Rudolf von Laban worked with ideas of the dynamic qualities of the sonorities in space and spatialized sound design. Added to these, Laban was interested in the presence and physical interactions of the performers, his movement choirs, in the emotional, physical and communal power of moving as one unit. Much has been said on the political engineering of these groups, and their links to the Nazi regime of the 1930s, but in essence, it appears Laban meant for these community dances to be a mode of celebrating shared emotional experience, and often had his choirs executing these dances in open fields. In Choreutics, he wrote, “Movements can be executed with differing degrees of inner participation and with greater or lesser intensity. They may be accelerated by an exaggerated desire to reach a goal or retarded by a cautious doubting attitude.

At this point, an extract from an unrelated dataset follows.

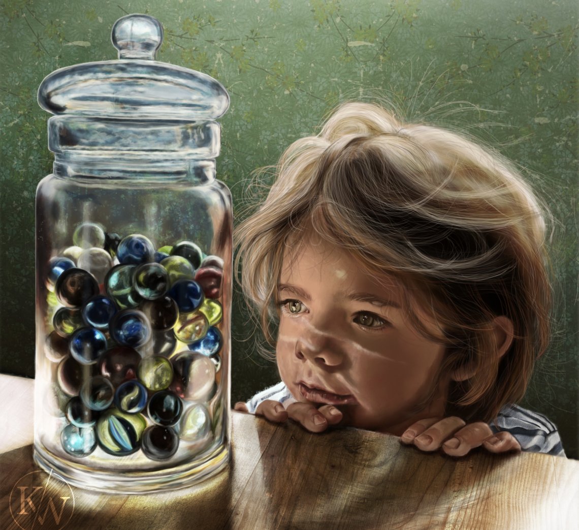 110 cm x 116 cm, Mixed Media on paper. Marble Balls is part of the series CHILD. The glass full of marbles is a simple object. But children have the ability to see beauty and importance in small things. This little child lives in exactly that moment. It forgets everything around. It's dedication lies on itself watching the light and colors of the marble glass. This childish focus on the moment is what the series CHILD is about.

The mover may be entirely concentrated on a movement and use the whole body in an act of powerful resistance, or casually employ only part of the body with delicate touch.”
These ideas of kinesthetic engagement align with what Kennedy is tapping into. She suggests that the spectator will connect in this “transformative blend of experience,” stirred by the strength and beauty of the performers’ voices and presence as they wend their way through the gardens. Kennedy says the composition of her group, nearing its twenty-fifth anniversary and formed just after the École Polytechnique massacre in Montréal, brings together artists from a cross-section of disciplines, and is made up of “a big bunch of closet dancers.”
Dancer Rachel Harris, a Choeur Maha member, coached the choir members in movement practice. “What an amazing group of women. Such a beautiful mix of ages and backgrounds and professions and reasons for being there, singing together,” says Harris. This “very validating, affirming, warm family,” as Kennedy refers to them, responded to Harris’s coaching in finding “organic” gestures that would represent the sounds and rhythms of the music.
Harris describes Kennedy’s compositions as “already very spatial — the sound travels through the different voices. In some of the pieces she has the twenty-four members of the choir surrounding the audience so that the sound is literally dancing around us.” She found it “easy” to put movement to this music. “It was as if the movements were hidden already in the vocal lines. What I tried to do was to put the movements of the sound into the bodies,” she recalls. “When I see the movements rippling through the choir I imagine wind passing through a bed of flowers!”
Kennedy’s love of the body and space unite in potent unison in the gardens. She wants to show the power of song, and the promise that tonal resonance and harmony can spark an energetic or emotional shift in both the performer and viewer amidst all this natural beauty.
Incantata floralis
Sunday, August 9, 2015 — 3pm
Les Jardins de Métis/Reford Gardens, 200, route 132, Grand-Métis (Québec) G0J 1Z0
refordgardens.com
Choeur Maha will also be performing at the Montréal Jazz Festival, June 30, as the opening act to the Barr Brothers.